### EXERCISE DIRECTIONS
Repeat the records below word for word and omit each image.

### Data extracted from a collection

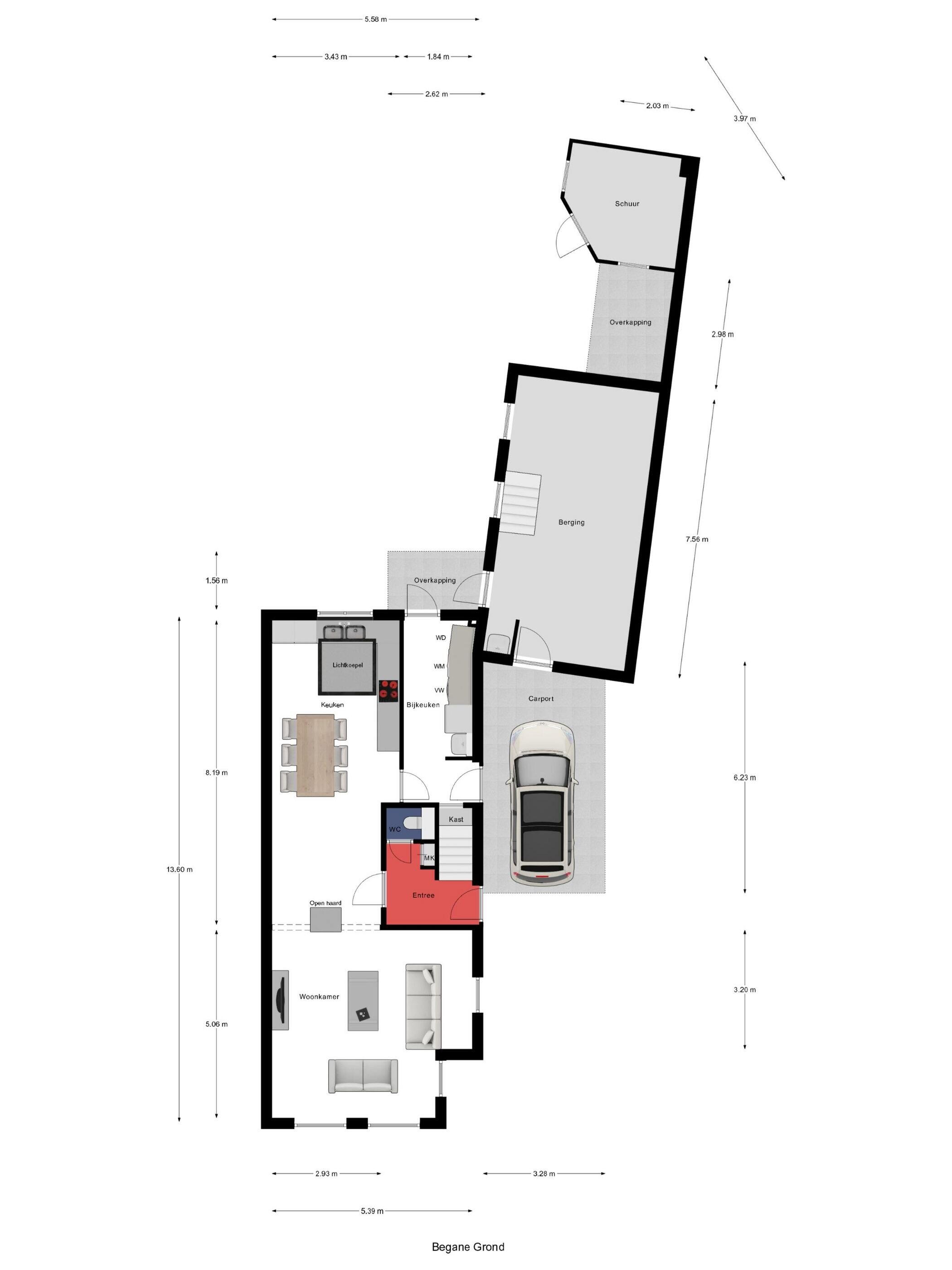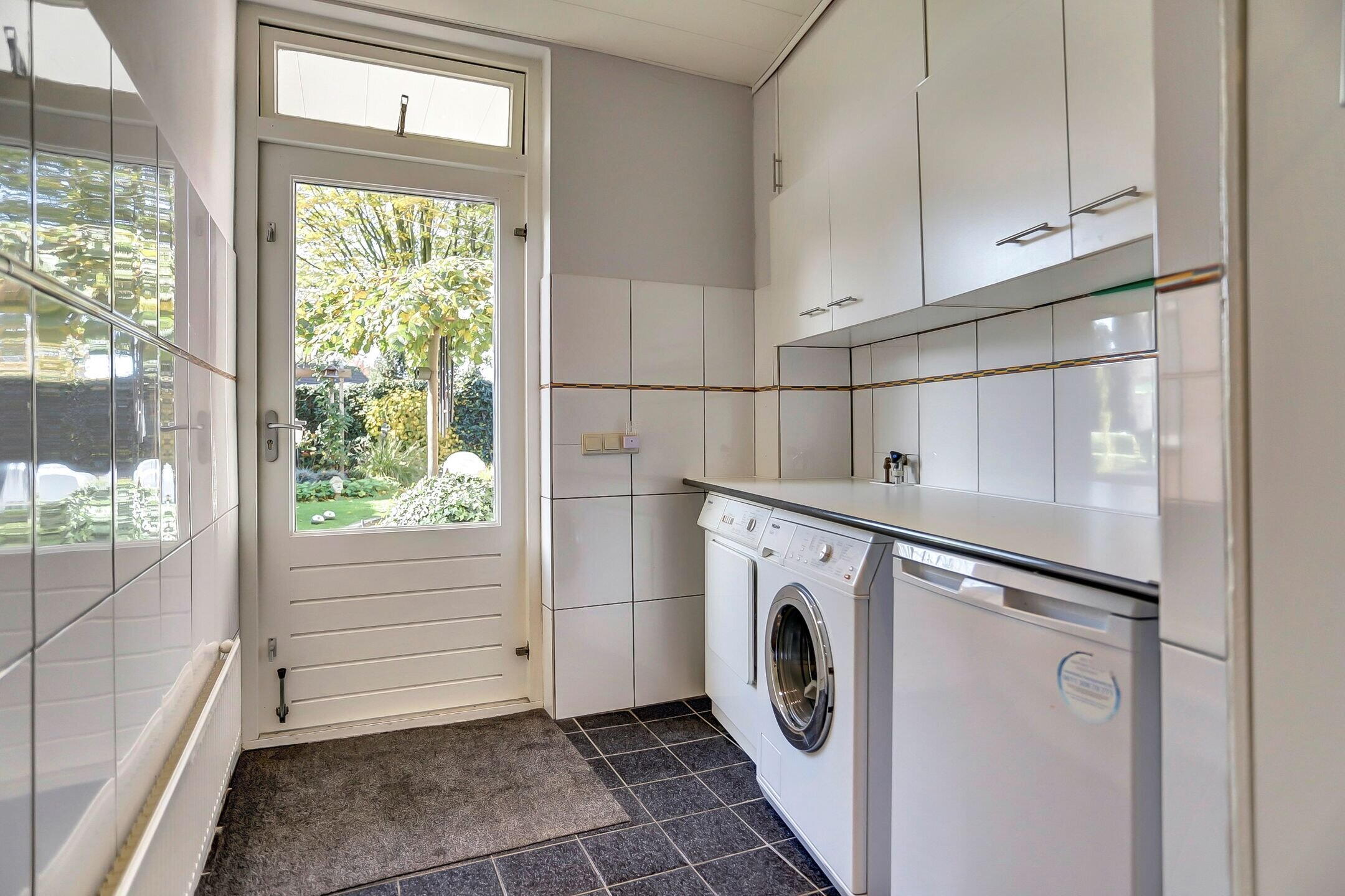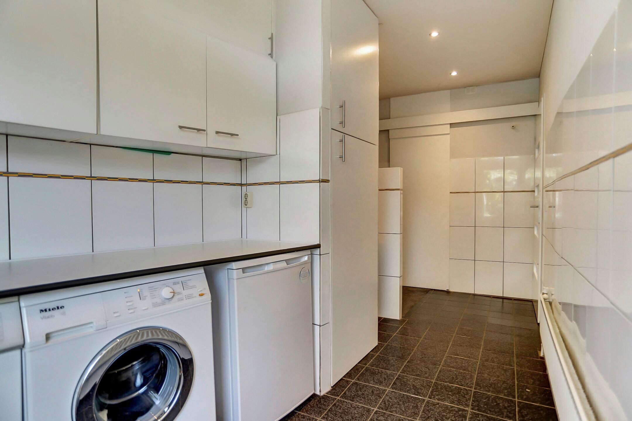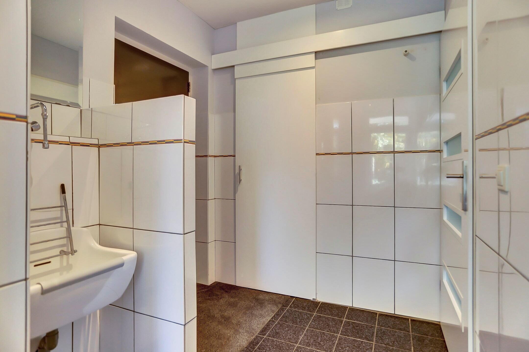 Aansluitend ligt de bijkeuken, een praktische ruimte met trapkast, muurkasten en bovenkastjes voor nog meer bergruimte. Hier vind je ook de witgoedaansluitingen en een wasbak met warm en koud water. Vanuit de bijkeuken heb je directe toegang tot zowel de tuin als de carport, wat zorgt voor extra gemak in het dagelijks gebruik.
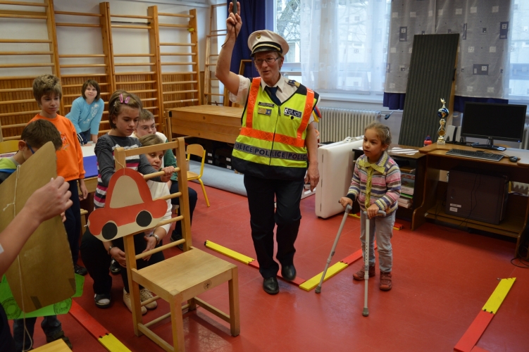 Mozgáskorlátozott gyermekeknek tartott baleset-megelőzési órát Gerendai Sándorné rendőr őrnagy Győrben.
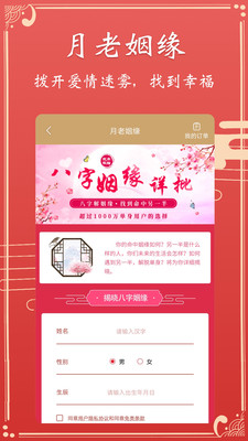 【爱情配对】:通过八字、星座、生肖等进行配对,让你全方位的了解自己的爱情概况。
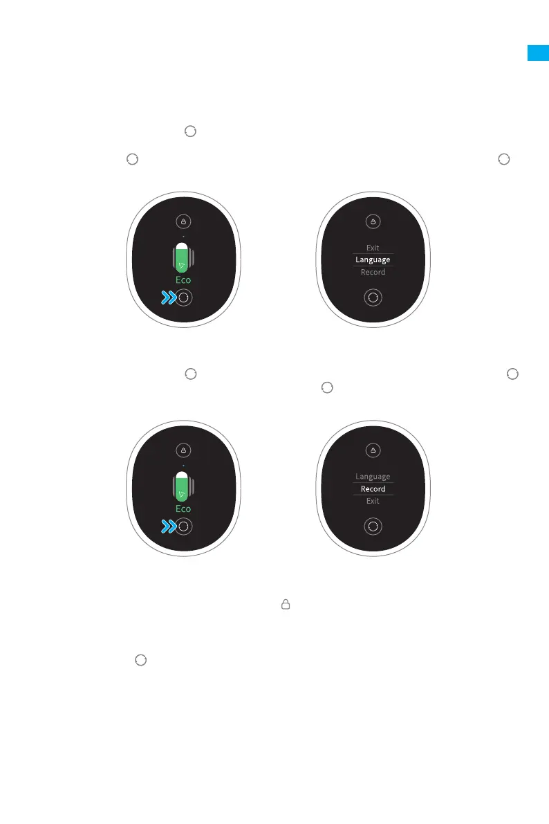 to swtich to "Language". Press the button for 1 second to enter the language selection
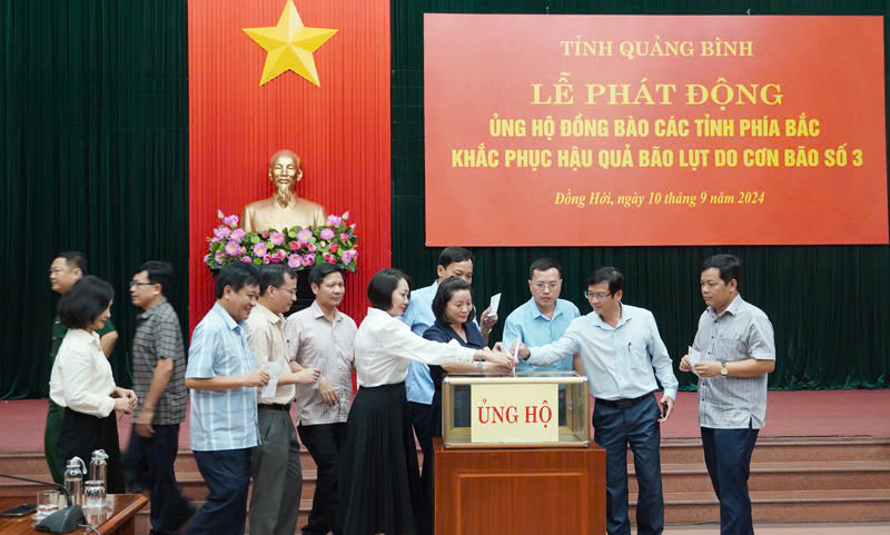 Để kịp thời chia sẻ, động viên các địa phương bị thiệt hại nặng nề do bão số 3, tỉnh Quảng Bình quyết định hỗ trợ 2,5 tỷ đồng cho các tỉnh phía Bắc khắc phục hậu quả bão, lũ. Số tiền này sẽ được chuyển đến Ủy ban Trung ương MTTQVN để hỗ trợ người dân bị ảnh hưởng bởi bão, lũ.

### RESULT FOR THIS EXERCISE
 Aansluitend ligt de bijkeuken, een praktische ruimte met trapkast, muurkasten en bovenkastjes voor nog meer bergruimte. Hier vind je ook de witgoedaansluitingen en een wasbak met warm en koud water. Vanuit de bijkeuken heb je directe toegang tot zowel de tuin als de carport, wat zorgt voor extra gemak in het dagelijks gebruik.
 Mozgáskorlátozott gyermekeknek tartott baleset-megelőzési órát Gerendai Sándorné rendőr őrnagy Győrben.
 【爱情配对】:通过八字、星座、生肖等进行配对,让你全方位的了解自己的爱情概况。
 to swtich to "Language". Press the button for 1 second to enter the language selection
 Để kịp thời chia sẻ, động viên các địa phương bị thiệt hại nặng nề do bão số 3, tỉnh Quảng Bình quyết định hỗ trợ 2,5 tỷ đồng cho các tỉnh phía Bắc khắc phục hậu quả bão, lũ. Số tiền này sẽ được chuyển đến Ủy ban Trung ương MTTQVN để hỗ trợ người dân bị ảnh hưởng bởi bão, lũ.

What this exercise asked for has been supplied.